5. Practical Applications and Adaptation to New Domains
StriderSPD (EMG): Enables cycle-level sEMG segmentation in naturalistic gait studies including ramps, stairs, and curves, with applicability to both healthy and Parkinson’s Disease populations. Easily transferable to new IMU sensors and EMG platforms via parameter re-tuning.
StriderSPD (Binary SPD): Facilitates robust security patch detection in closed-source binaries, overcoming deficits of prior approaches that focused solely on semantic or structural representations. Extensible to multiple LLM architectures and amenable to adaptive thresholding for diverse real-world compilation settings.
6. Contributions and Implications
Both instantiations of StriderSPD offer methodologically transparent frameworks that fuse structural and temporal features via adaptive signal processing (in gait) and architectural integration of modality-specific neural encoders (in binary SPD). The empirical improvements—higher sensitivity, specificity, and F1 in gait; notable advantages in accuracy and reduced false positive rates in patch detection—demonstrate paradigm robustness. The dual-stage optimization in patch detection suggests a general principle for balancing multi-branch neural architectures with disparate parameter sizes. A plausible implication is the utility of adapter-mediated multi-modal fusion for other heterogeneous representation tasks.

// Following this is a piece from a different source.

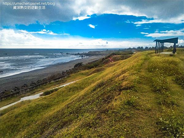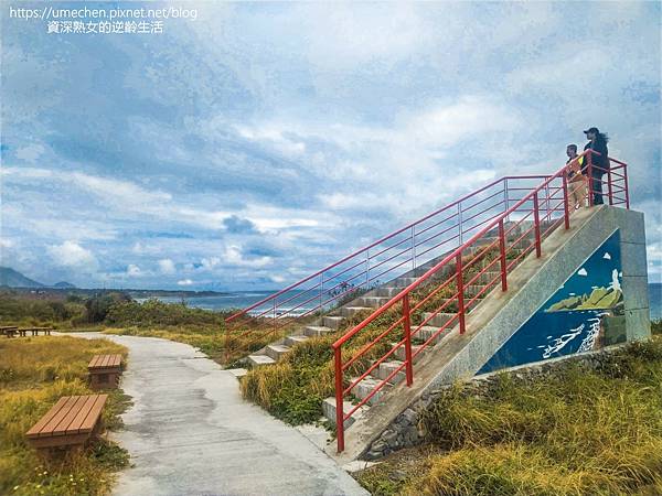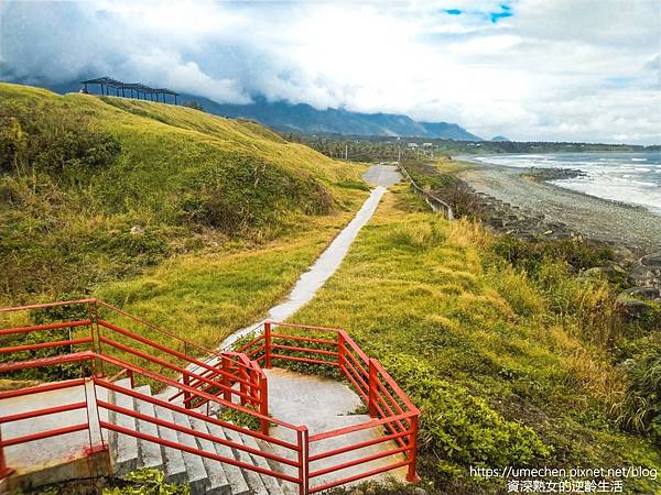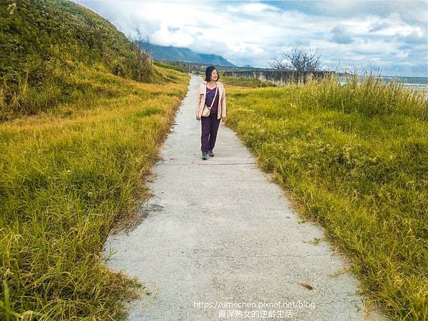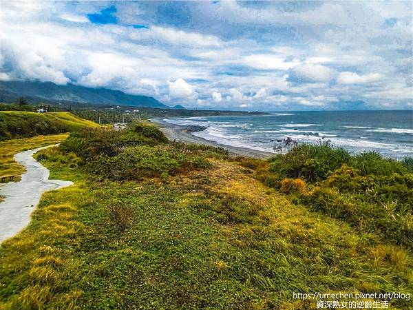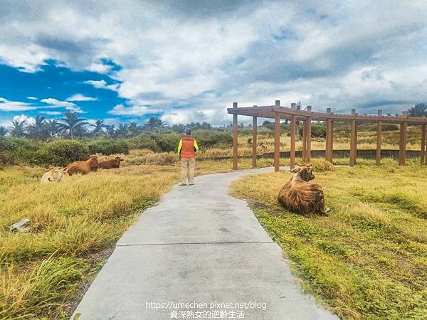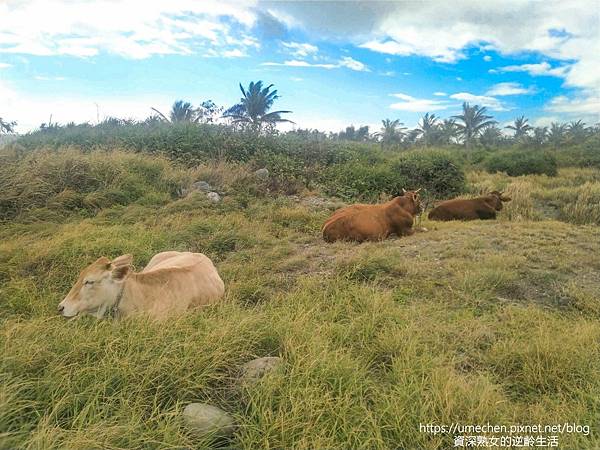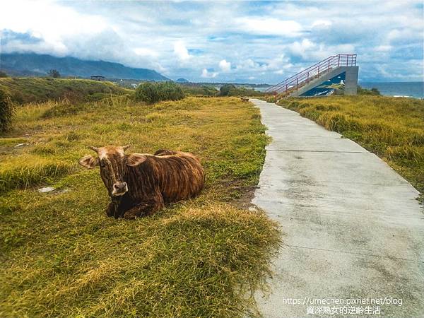 整個都蘭觀海平台景區,可步行繞行一圈。熟女有一次造訪時,還看到數頭牛隻悠閒地或站或坐在草地上,似乎有人飼養,對我們來回經過完全沒反應,很像來到陽明山擎天崗草原。

7. Common Misconceptions and Clarifications
- "StriderSPD" is not a single algorithm but a term adopted for two distinct methodologies in biomedical signal segmentation (Aguiar et al., 2023) and binary patch detection (Li et al., 9 Jan 2026).
- The EMG segmentation pipeline does not require complex machine learning or labeled gait data, relying instead on signal-processing and adaptive heuristics.

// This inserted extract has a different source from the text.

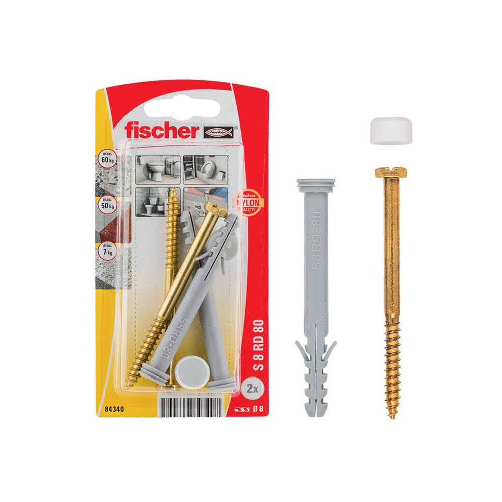 Fischer upevňovacia sada WC S 8 RD 80 K obsahuje všetky prvky pre bezpečné upevnenie voľne stojacich klozetov. Dve fischer hmoždinky RD 60 z kvalitného nylonu, dve mosadzné šróby 6 x 85 so šesťhrannou hlavou, dve chromové krytky a dve biele krytky.

- The binary SPD framework does not depend on source code availability, nor does it solely rely on code semantics; instead, it combines assembly-level structural cues via GCN with high-level pseudo-code features via LLM.
In summary, StriderSPD denotes rigorously evaluated pipelines that advance state-of-the-art cycle-level segmentation in unconstrained gait EMG analysis, and binary security patch detection via structure-guided joint neural representation learning. Both approaches emphasize transparency, adaptability, and superior benchmark performance, making them highly relevant in their respective fields.